Not much time for blogging these days, but I thought I would contribute to this discussion by
David Andolfatto, Tyler Cowen, Paul Krugman, and
Brad DeLong.Here are the facts: (i) The short-term nominal interest rate is essentially at the zero lower bound (ZLB); (ii) real bond yields (of all maturities) are very low relative to history. People have a hard time explaining those facts with Keynesian models. In a typical sticky price New Keynesian model, the problem that the ZLB can present for monetary policy is that the real rate of interest is too high, and there is no way to lower it. But if one thinks that history is a guide to what is right, then it looks like what is wrong is that the real rate is too low, not too high.

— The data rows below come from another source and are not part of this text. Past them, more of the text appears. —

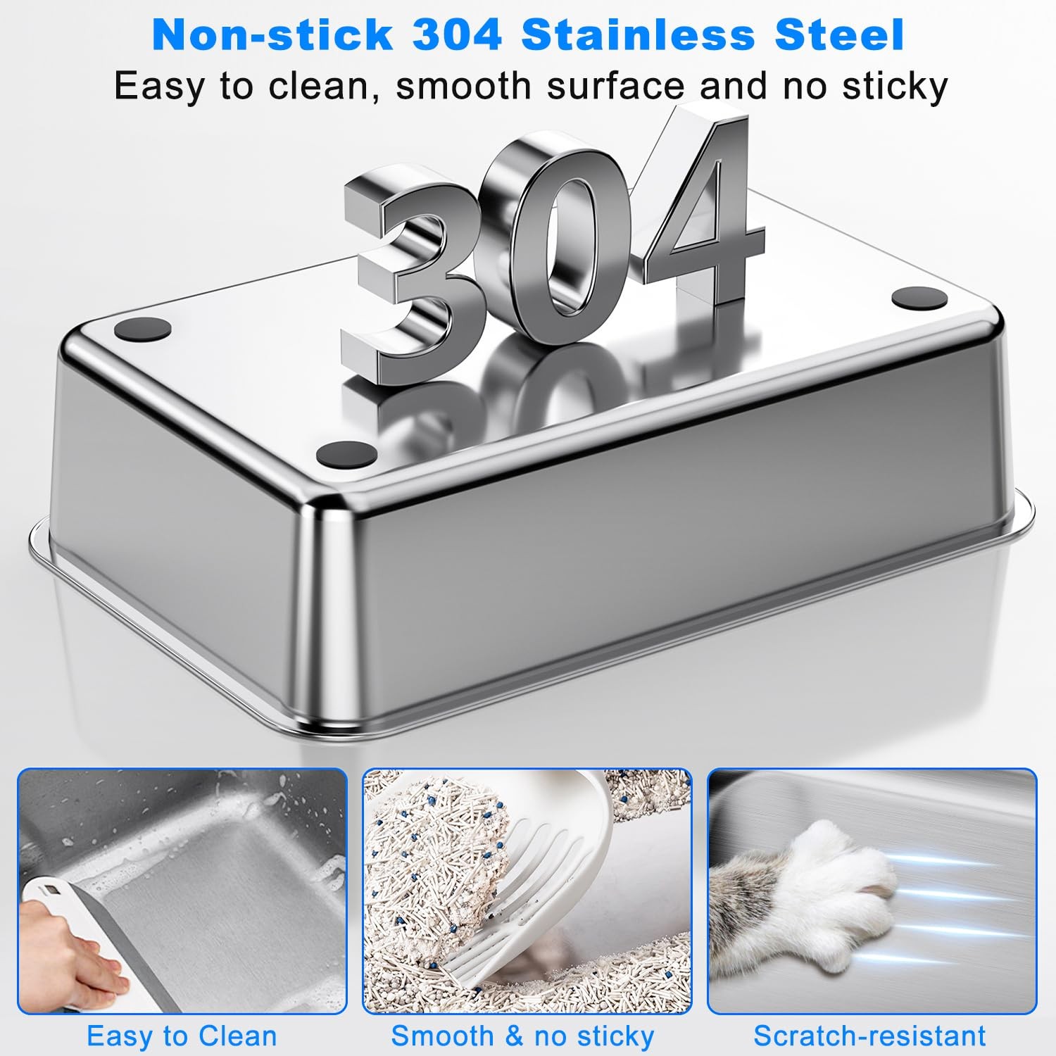 stainless steel cat litter box Side Opening & High-Sided Prevents Urine Leak: The cat litter box with a lid includes a top section that tightly overlaps the bottom. The 6-inch high walls prevent litter from being kicked out, and the side opening prevents cat urine from spilling everywhere Non-stick Stainless Steel Material: Crafted from qualified stainless steel, this stainless steel cat litter box resists rust, scratching, and wear, ensuring longevity. The design of the side open design feature of the stainless steel litter box with high sides, no matter where you place it in your home, it is convenient for your kitten to enter and exit Extra Large Size: The XL cat litter box is made of a stainless steel box + PP lid, measures 23.6x15.9x12 inches(L*W*H) with plenty of space for the cat to move around freely, and the 6-inch litter box depth can hold enough litter Easy to Clean: Non-stick surface of the metal cat litter box with lid makes cleaning easy. Unlike a plastic litter box, the stainless steel cat litter box does not absorb stains or odors, maintaining a fresh environment for your cat Unique Cat Supplies Storage Design: Our Cat litter boxes for indoor cats come with a Cat Litter Scoop/Cat Litter Mat,/Bag,/Stickers. The spoon can be placed in the holder box through the back holes. And the cat litter mat can help collect cat litter. And the bag for you to deal with the waste. And the sticker for you to decorate the box
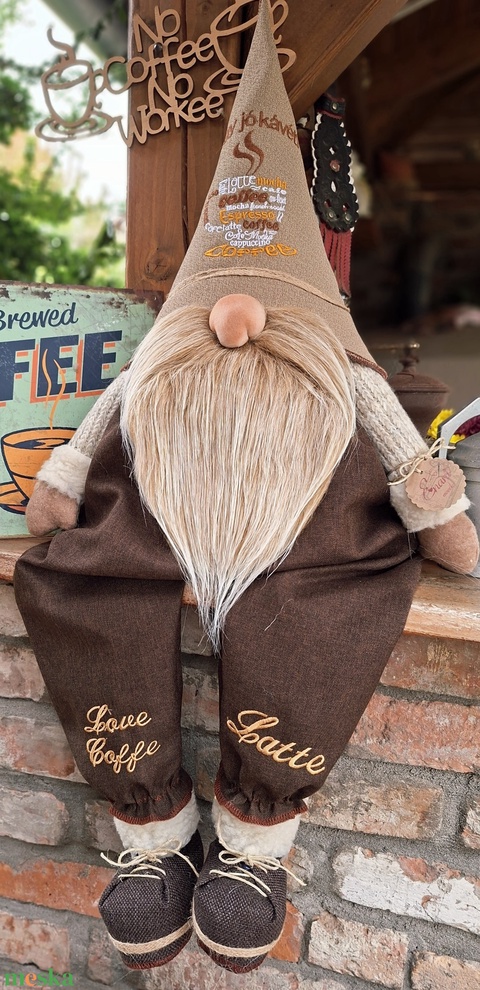 - Anyaga: pamutvászonkockás szövet, töltőanyag, kárpit textil, juta madzag, fából készült gomb, manószakáll
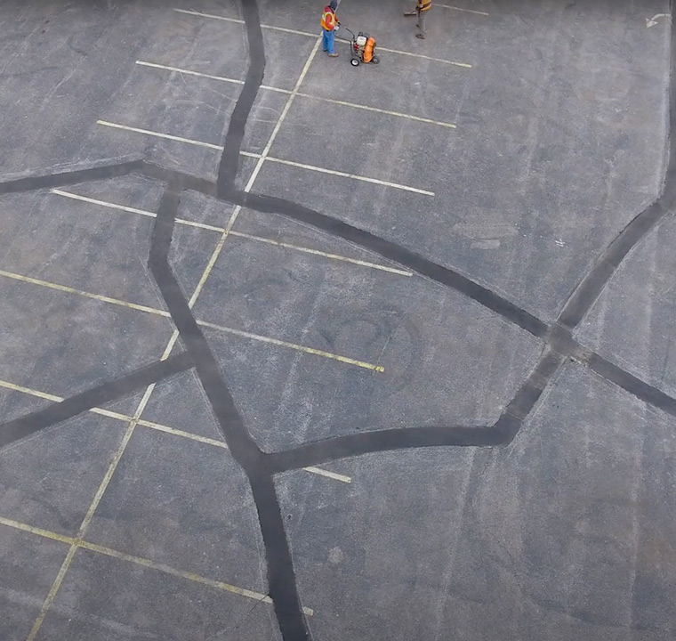 We use a hot-applied sealant in our asphalt crack repair process. This flexible material expands and contracts with the pavement, sealing out water and preventing cracks from spreading.

How do New Keynesians deal with this? If you read
Ivan Werning's paper, for example, you'll see that he sidesteps the question. In Werning's model, the central bank wants to be at the ZLB because there is a negative shock to the natural rate of interest, and he analyzes how policy should deal with that problem. But what's a natural rate shock? I don't think we want to think of the financial crisis as a change in preferences, with everyone becoming contagiously more patient, any more than we would want to think of the Great Depression as a contagious attack of laziness.
If you press New Keynesians on this question, they will say that the natural rate shock - or preference shock - stands in for something that is going on in another type of model. One explanation I have heard appeals to incomplete markets frameworks. In such models, if exogenous debt limits for individuals fall, then the real interest rate will go down. In those models, the real rate is always below the "natural rate," which is the rate of time preference, and the gap between the natural rate and the actual real rate depends on how tight borrowing constraints are. There's something like this going on in
Eggertsson and Krugman's paper.But carry that one step further. Why would borrowing constraints be tighter in the world we're living in now? One explanation could be that collateral has become more scarce. The financial crisis essentially destroyed a large quantity of privately-produced collateral, which took the form of asset-backed securities. Government debt is a substitute for privately-produced collateral, and with a lot of sovereign debt in the world looking very dodgy, the world demand for the debt of the US government is very high. Assets that are used in financial exchange, and which serve the role of collateral in credit transactions carry a liquidity premium. The prices of those assets are higher than their "fundamental," where the fundamental price is what would be justified purely by the future payoffs on the assets and risk. The more scarce the assets are, the higher the liquidity premia, and the higher the prices. Higher asset prices is the same thing as low real interest rates. Simple.
Thus, the explanation is not a drop in "natural" rates of interest. It's the scarcity of safe assets for use as collateral and for exchange in financial markets.
I've been thinking about this a lot lately, and think I have come up with something interesting. I'm presenting some preliminary work on this on Monday at
this conference. I'll tell you more later when I have the bugs worked out.